It is a financial and social bomb whose spectre has been hovering for more than twenty years: the question of financing the dependency of the elderly has still not been resolved despite the expected explosion in the number of people concerned.
An overview of the issues surrounding the 80th anniversary of Social Security, a branch of which has been specifically dedicated, since 2021, to the loss of autonomy.
What are we talking about?
The observation is well known: France is aging. At the beginning of 2024, those over 60 represented more than one in four people (27.7%) compared to 19.6% in 1994. Those over 75 are expected to increase from 10.4% of the population to 16.4% in 2050, according to INSEE.
The number of elderly people experiencing loss of autonomy—needing assistance with dressing, washing, eating, moving, or experiencing impaired mental functioning—is following the same trajectory. Their number is expected to reach nearly 4 million by 2050, compared to just over 2 million in 2015.
What cost?
Currently, the cost of elderly dependency is estimated at 30 billion euros – or 1.4 percentage points of GDP – each year on average. More than three-quarters of this amount is financed by public authorities – notably the allowance for the elderly (Apa) – the remainder is borne by households.
With the growing number of elderly people, the overall cost is expected to unsurprisingly soar in the coming decades. According to a 2017 study by the Drees (French Department for Economic Affairs and Finance), public spending is expected to increase sharply by 2060, reaching 2.07 percentage points of GDP, and total spending would almost double, reaching 2.78 percentage points of GDP.
What are the options?
To finance this new trajectory, several ideas regularly come up: strengthening prevention, introducing a second solidarity day, an increase in the CSG or a contribution dedicated to loss of autonomy, making retirees "who can afford it" contribute, or even seven hours of unpaid additional work.
Individual financing options are also mentioned, such as the creation of a compulsory insurance contract or a mutualized life annuity system.
But so far, none of these have materialized. Only the fifth branch of Social Security, dedicated to loss of autonomy, has been established and operational since 2021, but it lacks sufficient resources.
Why is it slipping?
This funding reform is nothing new: it was successively promised by Nicolas Sarkozy, François Hollande, and Emmanuel Macron—but never implemented. And for good reason: "these are eminently political decisions," notes Ilona Delouette, a health economics researcher at IMT Nord Europe.
"The social security contribution, or the CSG point, is the largest tax base, so it's what would bring in the most," she emphasizes. "But it's a total taboo."
The creation of a contribution dedicated to loss of autonomy has "the advantage of being simple and clear" but has "the disadvantage of increasing social security contributions on earned income and pensions alone", noted the Economic, Social and Environmental Council (CESE) in 2024.
What consequences?
Time is running out: the current trajectory "will not allow our country to face its responsibilities," warned Jean-René Lecerf, president of the National Solidarity Fund for Autonomy, at the end of 2024.
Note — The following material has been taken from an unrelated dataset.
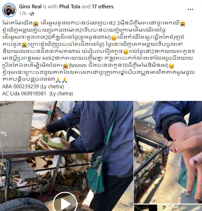 (ភ្នំពេញ)៖ ថ្មីៗនេះមានការចែករំលែកនៅលើបណ្តាញសង្គមនូវរឿងគួរឱ្យអាណិតអាសូរដោយលោកយាយវ័យចាស់ជរា ដើរអូសរទេះជាង២០គីឡូម៉ែត្រលក់ដូងទាំងដៃប្រេះឆ្អឹង ដើម្បីបានលុយចិញ្ចឹមលោកតាដេកឈឺនៅផ្ទះ។ បើយោង គណនីហ្វេសប៊ុកឈ្មោះ Gino Real បានសរសេររៀបរាប់ថា៖

"We are pursuing an interesting and responsible policy, but it is a policy that I would describe as being one of continual change, as if the storm of our aging population, now but even more so from 2030, did not exist," he added.
If nothing is done, the consequences could potentially be serious, especially for households whose remaining costs would increase considerably, warn specialists.
In the absence of revaluation of professionals, the sector is also likely to quickly face a shortage of qualified labor, which will in turn degrade the quality of support for dependent people.
The burden is also expected to increase on caregivers, a level of exhaustion that could ultimately impact the country's productivity.